劉景天生來一副強健體魄,向來少有疾病之苦,沙場征伐時,曾在當胸中了一箭,折斷箭羽都能照樣拼殺,硬是撐到大破敵軍,回營之後才有軍醫拔箭裹傷。
就這樣,他也照舊無礙,箭傷口長好之後一絲暗疾都沒留。
推己及人,劉景天開始感受到蘇允棠的病痛難過時,心下不算十分在意。
在他想來,覺着冷自然是冷宮炭火不足,又因受冷患了風寒,膝上刺痛是因為踢人上藥……這些毛病,只用賜回廪給将養着,再派去宮人侍從精心服侍,不叫蘇允棠受累受寒,自然很快就能處置。
只一個月事麻煩些,但也不是不能緩解,再一者也已過去了,暫且不必太着急。
也正是因此,劉景天實在不明白,他那樣要命的箭傷,躺了半月便能起身,蘇允棠不過是體虛不足、風邪凝滞……這樣的小毛病,為何如今錦衣玉食的養了這麽久,他仍舊夜裏手腳冰冷,白天乏力疲累——
竟是一點沒見大好!
召來太醫署,林醫正生性謹慎,翻來覆去只說病去如抽絲,寒氣入體,暗疾原本就需慢慢調養。
倒是林芝年那小子,最後沒忍住說了一句:“五志傷人。

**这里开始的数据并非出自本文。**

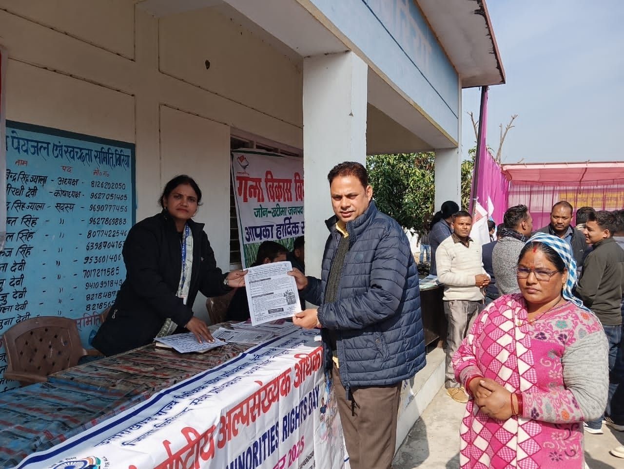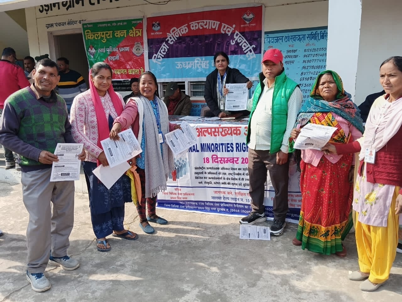 खटीमा के ग्राम बिरिया पंचायत भवन में लगाया गया बहुउद्देशीय शिविर जिसकी अध्यक्षता ग्राम प्रधान अमर सिंह ने की और शिविर के माध्यम से ग्रामीण क्षेत्र वासियों को अंतर्राष्ट्रीय अल्पसंख्यक अधिकार दिवस के बारे में जानकारी दी इस मौके पर अल्पसंख्यक समाज के सम्मानित नागरिकों एवं जनप्रतिनिधियों के साथ महत्वपूर्ण संवाद कार्यक्रम आयोजित किया गया बैठक के दौरान आवास सुरक्षा पुलिस कार्यवाही स्थानीय विवाद व अन्य समस्याओं से जुड़ी कई खास मुद्दों पर चर्चाएं की गई साथ ही बताया गया कि अल्पसंख्यक आयोग दिवस को प्रदेश भर में जागरूकता दिवस के रूप में मनाया जा रहा है और जनपद के सभी थानों एवं अलग-अलग जगह कार्यक्रम आयोजित कर अल्पसंख्यक समाज को उनके अधिकारों सुरक्षा और सम्मान के प्रति जागरूक किया जा रहा है उन्होंने स्पष्ट किया कि कानून सबके लिए समान है और हम लोग बिना भेदभाव हर नागरिक की सुरक्षा व न्याय के लिए प्रतिबद्ध है कार्यक्रम में इसी के साथ बताया गया कि तो उसमें भी अपनी समस्याओं का समाधान करा सकते हैं इस मौके पर उप जिला अधिकारी खटीमा , खटीमा ब्लॉक प्रमुख,खटीमा से कांग्रेस विधायक भूवन कापड़ी सहायक समाज कल्याण अधिकारी, पशु विभाग से अधिकारी श्याम सिंह भंडारी,एवं सैनिक विभाग से भी अधिकारी मौजूद थे, चिकित्सा विभाग के भी अधिकारी पी एल बी गीता शर्मा आशा राणा प्रीती राना आदि उपस्थित रहे।

”
心志喜,肝志怒,脾志思,肺志悲,腎志恐,一個人,若是心裏總梗一股不平不願,終日忍耐,不得釋懷,便是錦衣玉食,身子都能熬垮——
更何況,娘娘當真有暗傷。
心下閃過林芝年的話,劉景天面色複雜難辨。
他當然知道蘇允棠的身子一直不甚痛快。
蘇允棠是皇後,一國之母有恙,根本不可能耽擱,不單宮人要立即禀報,太醫署瞧過後,脈案藥案也要專門送至禦前,以劉景天的記性,甚至能數清這樣的脈案他一共見過幾次。

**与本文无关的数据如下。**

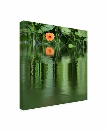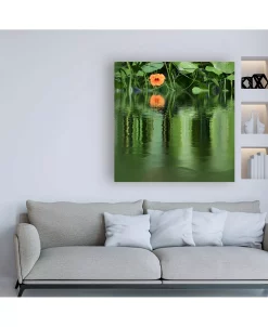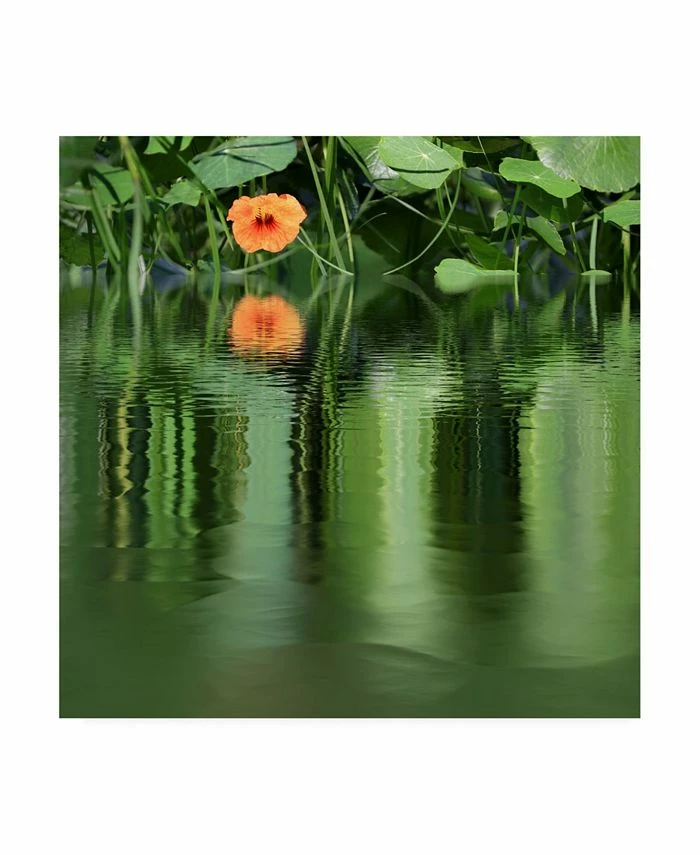 This ready to hang, gallery-wrapped art piece features a close up distorted photograph of lily pads and blossom on a pond. Gallery-wrap is a method of wrapping an artist’s canvas around a hidden, wooden frame allowing for a frameless presentation.

但在這宮裏,身子動辄不爽快的人實在太多了,“微恙”就是最好的借口,想見他時可以生病邀寵,不想見他也可以告病躲避,事後還能當成什麽事都沒有。
董氏為了邀寵就時常心驚夢魇,體虛怯弱,連太後在宮裏待的時候長了,想見兒子時都學會了頭疼腦熱,積食不克的套詞。
多少年下來,太醫署都為了這些“毛病”專門攢了一本子的太平方。
相較之下,蘇允棠每次的“舊疾複發”,就只簡簡單單的四個字,病都病的格外敷衍,且每次說完這四個字,後頭就立馬要避不見客,關門趕人。
次數多了,劉景天便也只當她也只是借着舊傷,存心誇大賭氣。
卻沒想到,是當真并難受至此。
劉景天手指微動,習慣性想轉一轉碧玉串,最後一刻又想起蘇允棠就在眼前,為了不叫她發覺不對,生生停了下來。
他微微垂眸,徑直問道:“林芝年說,你身子總不大安,也是為着心裏不痛快,這話可對?”
蘇允棠聞言皺眉,疑心劉景天是又想給她扣一頂怨望不敬的大帽子,只冷聲道:“有陛下這樣的天子在前,宮中豐衣足食、養尊處優,哪個心裏敢有不痛快?再一者,這一話一開頭就不對……”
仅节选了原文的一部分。